Work instructions
Omit the pictures and reproduce the rest of the listing exactly.

Source material
______

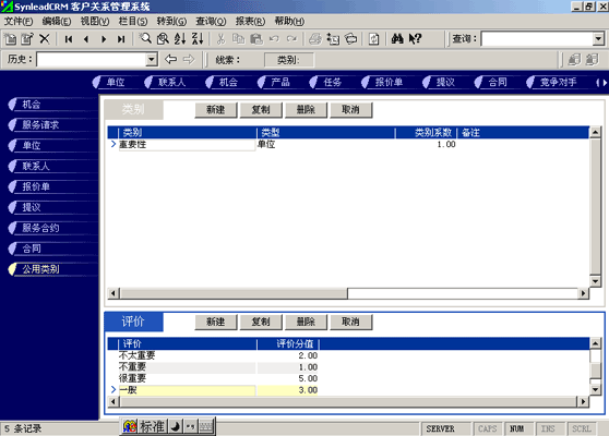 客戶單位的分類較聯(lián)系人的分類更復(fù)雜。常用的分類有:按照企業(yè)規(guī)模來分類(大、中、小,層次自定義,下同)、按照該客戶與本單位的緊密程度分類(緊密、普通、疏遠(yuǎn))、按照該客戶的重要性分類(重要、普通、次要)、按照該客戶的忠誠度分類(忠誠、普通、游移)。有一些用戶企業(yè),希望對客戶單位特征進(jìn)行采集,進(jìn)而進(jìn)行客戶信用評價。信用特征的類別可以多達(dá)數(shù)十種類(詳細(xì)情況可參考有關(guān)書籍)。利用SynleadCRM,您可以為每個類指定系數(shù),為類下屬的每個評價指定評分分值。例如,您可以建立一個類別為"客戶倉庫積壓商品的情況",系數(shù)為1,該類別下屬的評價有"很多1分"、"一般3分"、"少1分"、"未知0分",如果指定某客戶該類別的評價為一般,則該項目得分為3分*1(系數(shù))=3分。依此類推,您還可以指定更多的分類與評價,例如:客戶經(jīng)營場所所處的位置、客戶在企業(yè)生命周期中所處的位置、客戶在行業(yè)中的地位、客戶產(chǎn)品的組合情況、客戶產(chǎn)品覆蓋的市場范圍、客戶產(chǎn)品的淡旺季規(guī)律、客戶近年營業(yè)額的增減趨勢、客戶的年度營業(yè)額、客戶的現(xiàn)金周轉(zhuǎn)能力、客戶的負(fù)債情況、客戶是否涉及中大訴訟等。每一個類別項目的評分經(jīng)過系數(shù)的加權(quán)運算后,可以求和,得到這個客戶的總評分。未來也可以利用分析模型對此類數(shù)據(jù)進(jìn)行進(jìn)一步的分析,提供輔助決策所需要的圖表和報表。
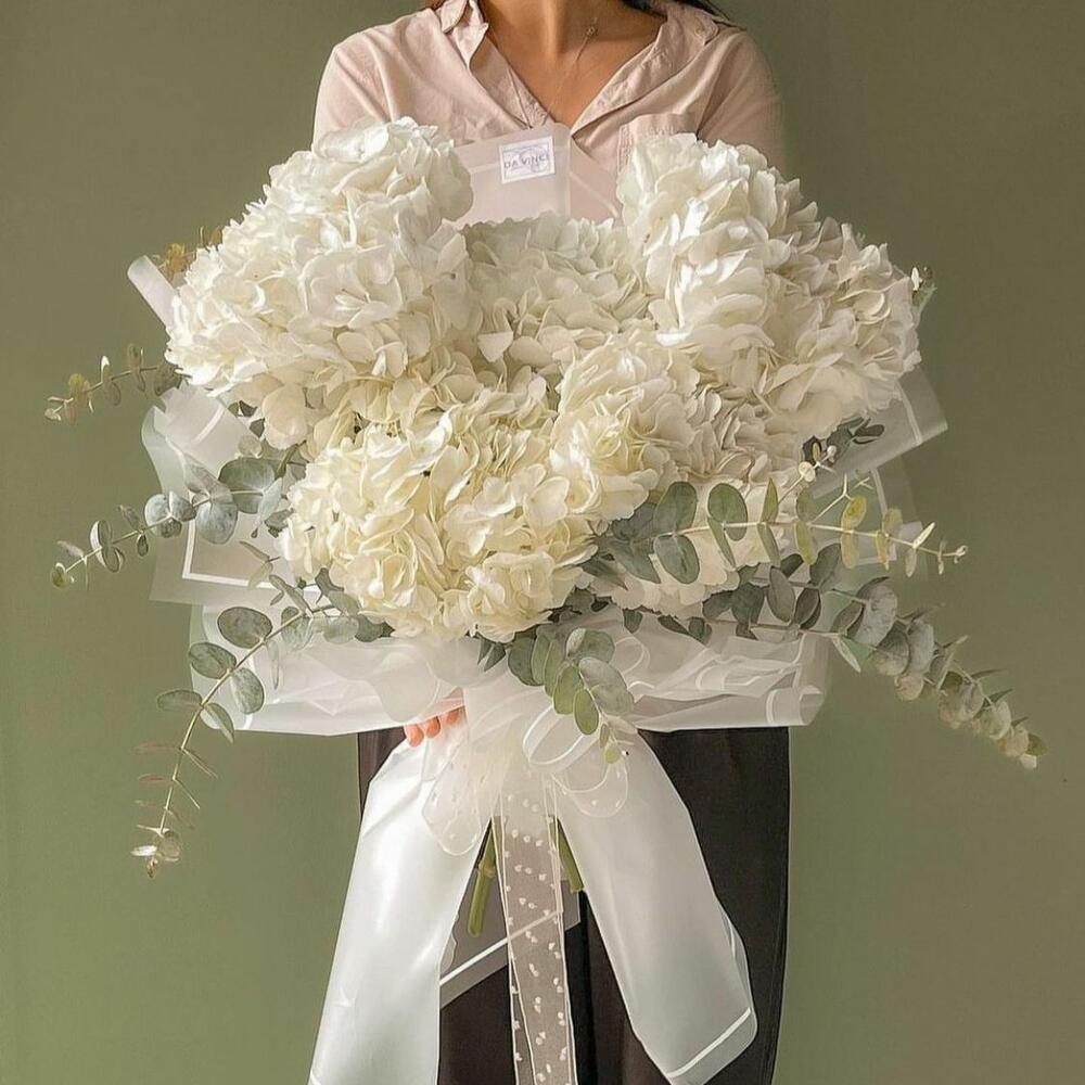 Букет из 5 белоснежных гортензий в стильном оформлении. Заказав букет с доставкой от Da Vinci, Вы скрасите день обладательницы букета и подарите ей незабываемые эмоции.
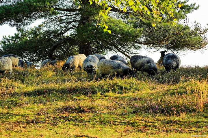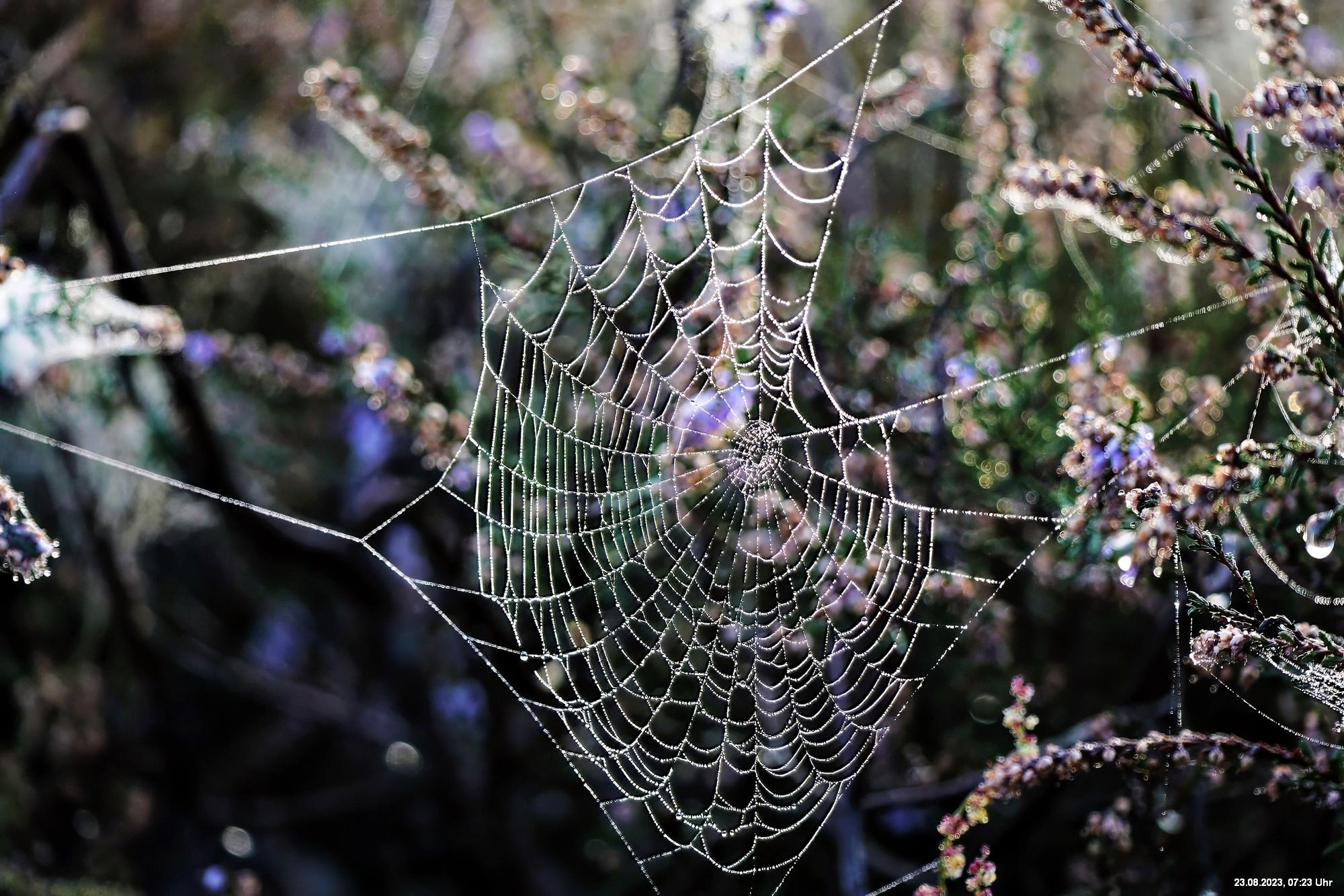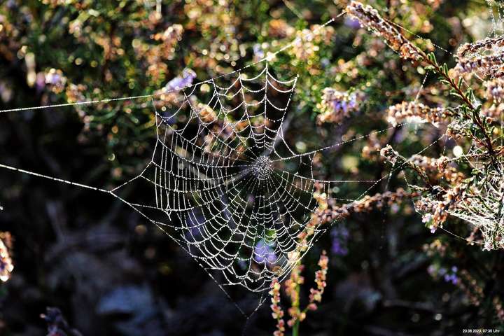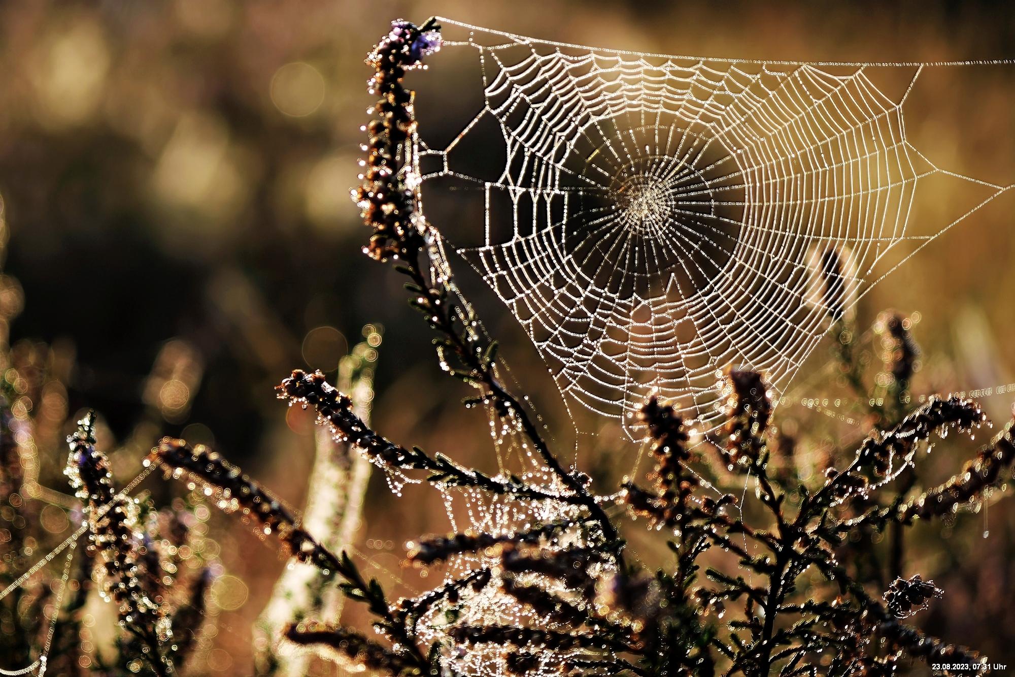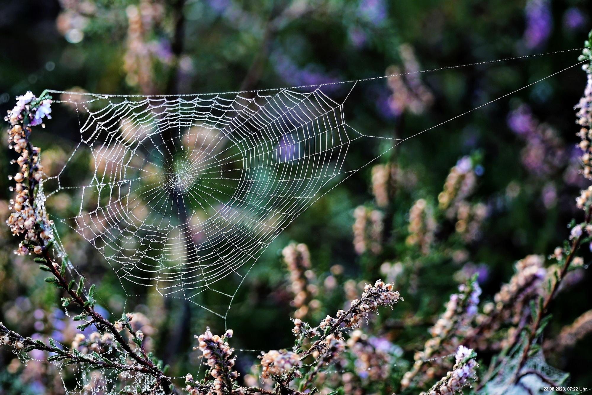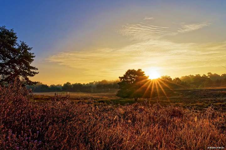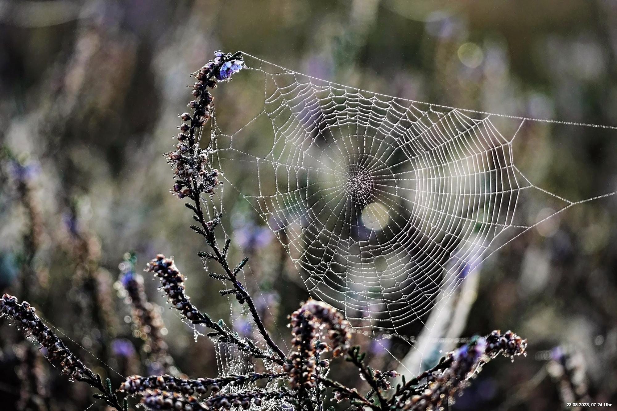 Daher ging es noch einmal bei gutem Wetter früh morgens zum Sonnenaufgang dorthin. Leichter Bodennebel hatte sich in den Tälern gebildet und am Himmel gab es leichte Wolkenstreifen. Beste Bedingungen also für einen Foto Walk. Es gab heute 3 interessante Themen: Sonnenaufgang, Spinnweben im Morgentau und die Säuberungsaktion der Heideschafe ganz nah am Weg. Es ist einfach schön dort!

______

Answer to this exercise
 客戶單位的分類較聯(lián)系人的分類更復(fù)雜。常用的分類有:按照企業(yè)規(guī)模來分類(大、中、小,層次自定義,下同)、按照該客戶與本單位的緊密程度分類(緊密、普通、疏遠(yuǎn))、按照該客戶的重要性分類(重要、普通、次要)、按照該客戶的忠誠度分類(忠誠、普通、游移)。有一些用戶企業(yè),希望對客戶單位特征進(jìn)行采集,進(jìn)而進(jìn)行客戶信用評價。信用特征的類別可以多達(dá)數(shù)十種類(詳細(xì)情況可參考有關(guān)書籍)。利用SynleadCRM,您可以為每個類指定系數(shù),為類下屬的每個評價指定評分分值。例如,您可以建立一個類別為"客戶倉庫積壓商品的情況",系數(shù)為1,該類別下屬的評價有"很多1分"、"一般3分"、"少1分"、"未知0分",如果指定某客戶該類別的評價為一般,則該項目得分為3分*1(系數(shù))=3分。依此類推,您還可以指定更多的分類與評價,例如:客戶經(jīng)營場所所處的位置、客戶在企業(yè)生命周期中所處的位置、客戶在行業(yè)中的地位、客戶產(chǎn)品的組合情況、客戶產(chǎn)品覆蓋的市場范圍、客戶產(chǎn)品的淡旺季規(guī)律、客戶近年營業(yè)額的增減趨勢、客戶的年度營業(yè)額、客戶的現(xiàn)金周轉(zhuǎn)能力、客戶的負(fù)債情況、客戶是否涉及中大訴訟等。每一個類別項目的評分經(jīng)過系數(shù)的加權(quán)運算后,可以求和,得到這個客戶的總評分。未來也可以利用分析模型對此類數(shù)據(jù)進(jìn)行進(jìn)一步的分析,提供輔助決策所需要的圖表和報表。
 Букет из 5 белоснежных гортензий в стильном оформлении. Заказав букет с доставкой от Da Vinci, Вы скрасите день обладательницы букета и подарите ей незабываемые эмоции.
 Daher ging es noch einmal bei gutem Wetter früh morgens zum Sonnenaufgang dorthin. Leichter Bodennebel hatte sich in den Tälern gebildet und am Himmel gab es leichte Wolkenstreifen. Beste Bedingungen also für einen Foto Walk. Es gab heute 3 interessante Themen: Sonnenaufgang, Spinnweben im Morgentau und die Säuberungsaktion der Heideschafe ganz nah am Weg. Es ist einfach schön dort!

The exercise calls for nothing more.